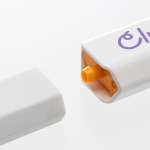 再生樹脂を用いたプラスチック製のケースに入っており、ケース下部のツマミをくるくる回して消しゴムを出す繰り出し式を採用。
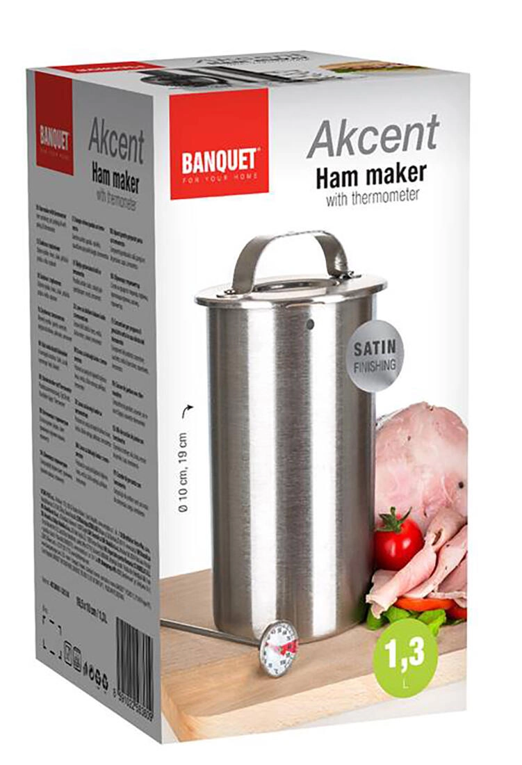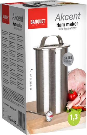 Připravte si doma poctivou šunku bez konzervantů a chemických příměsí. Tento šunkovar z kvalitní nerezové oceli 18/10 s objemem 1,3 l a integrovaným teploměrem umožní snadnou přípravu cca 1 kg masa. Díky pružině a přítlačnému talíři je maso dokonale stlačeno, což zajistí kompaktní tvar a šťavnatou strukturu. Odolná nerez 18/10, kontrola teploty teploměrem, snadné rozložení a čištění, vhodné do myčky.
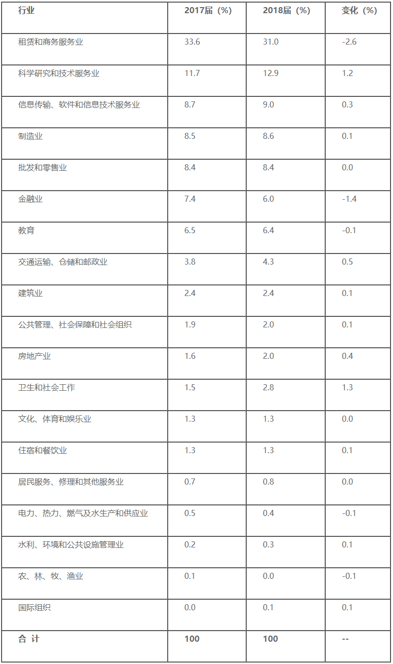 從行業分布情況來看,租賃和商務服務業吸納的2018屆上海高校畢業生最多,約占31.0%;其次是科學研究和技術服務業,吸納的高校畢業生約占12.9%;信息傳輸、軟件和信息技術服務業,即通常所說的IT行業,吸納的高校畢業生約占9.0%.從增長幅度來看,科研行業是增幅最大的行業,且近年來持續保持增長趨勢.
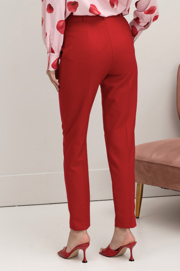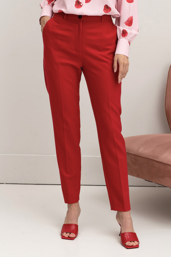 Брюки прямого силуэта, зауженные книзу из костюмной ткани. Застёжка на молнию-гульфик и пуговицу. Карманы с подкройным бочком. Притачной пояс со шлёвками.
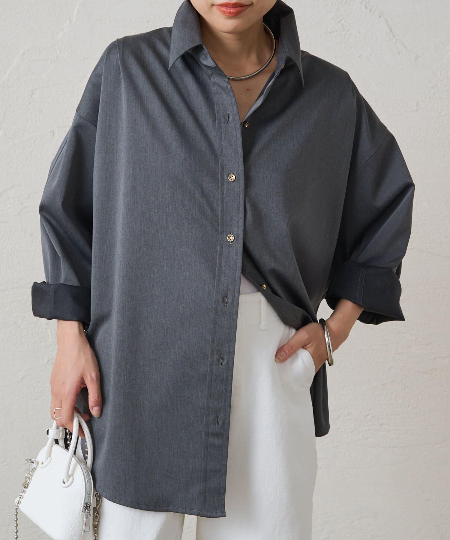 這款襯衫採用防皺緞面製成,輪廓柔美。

• • • • • • •

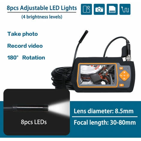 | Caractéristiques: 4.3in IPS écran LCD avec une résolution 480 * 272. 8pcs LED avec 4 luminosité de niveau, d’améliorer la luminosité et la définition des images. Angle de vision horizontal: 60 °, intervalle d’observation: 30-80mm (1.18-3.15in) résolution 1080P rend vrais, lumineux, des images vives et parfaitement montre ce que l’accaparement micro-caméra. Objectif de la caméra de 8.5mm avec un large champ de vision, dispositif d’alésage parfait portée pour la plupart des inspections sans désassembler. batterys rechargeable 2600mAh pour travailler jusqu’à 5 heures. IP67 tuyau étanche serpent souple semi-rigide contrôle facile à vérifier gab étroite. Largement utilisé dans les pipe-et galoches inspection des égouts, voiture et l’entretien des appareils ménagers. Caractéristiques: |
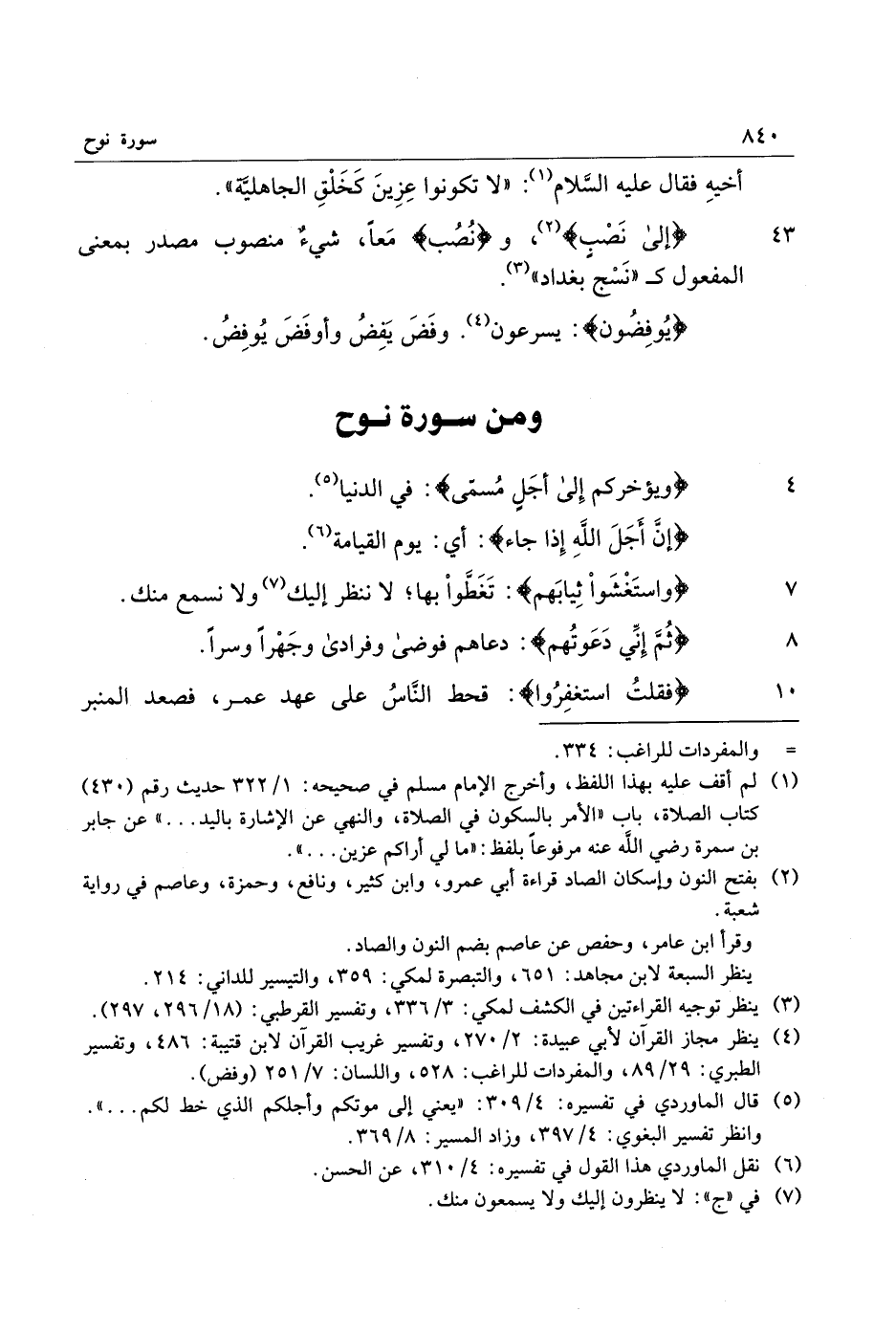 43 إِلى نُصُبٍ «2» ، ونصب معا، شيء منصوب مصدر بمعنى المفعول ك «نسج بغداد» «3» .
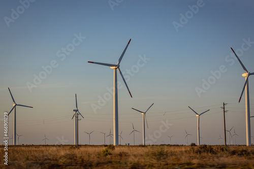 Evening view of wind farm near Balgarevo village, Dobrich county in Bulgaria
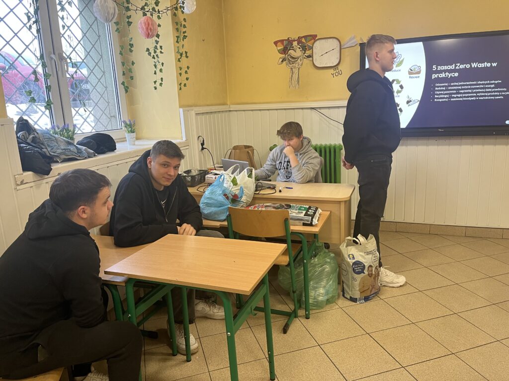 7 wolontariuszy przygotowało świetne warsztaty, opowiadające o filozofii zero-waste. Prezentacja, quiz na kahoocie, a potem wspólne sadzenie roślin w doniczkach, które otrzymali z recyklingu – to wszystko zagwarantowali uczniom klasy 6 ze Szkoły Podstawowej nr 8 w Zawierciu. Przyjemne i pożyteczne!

• • • • • • •

TASK GOAL:
In the listing above, find the line with "ménagers. Caractéristiques: |" and the line with "7 wolontariuszy przygotowało". Copy exactly those two and every line between, without the pictures.

PROBLEM SOLUTION:
 | Caractéristiques: 4.3in IPS écran LCD avec une résolution 480 * 272. 8pcs LED avec 4 luminosité de niveau, d’améliorer la luminosité et la définition des images. Angle de vision horizontal: 60 °, intervalle d’observation: 30-80mm (1.18-3.15in) résolution 1080P rend vrais, lumineux, des images vives et parfaitement montre ce que l’accaparement micro-caméra. Objectif de la caméra de 8.5mm avec un large champ de vision, dispositif d’alésage parfait portée pour la plupart des inspections sans désassembler. batterys rechargeable 2600mAh pour travailler jusqu’à 5 heures. IP67 tuyau étanche serpent souple semi-rigide contrôle facile à vérifier gab étroite. Largement utilisé dans les pipe-et galoches inspection des égouts, voiture et l’entretien des appareils ménagers. Caractéristiques: |
 43 إِلى نُصُبٍ «2» ، ونصب معا، شيء منصوب مصدر بمعنى المفعول ك «نسج بغداد» «3» .
 Evening view of wind farm near Balgarevo village, Dobrich county in Bulgaria
 7 wolontariuszy przygotowało świetne warsztaty, opowiadające o filozofii zero-waste. Prezentacja, quiz na kahoocie, a potem wspólne sadzenie roślin w doniczkach, które otrzymali z recyklingu – to wszystko zagwarantowali uczniom klasy 6 ze Szkoły Podstawowej nr 8 w Zawierciu. Przyjemne i pożyteczne!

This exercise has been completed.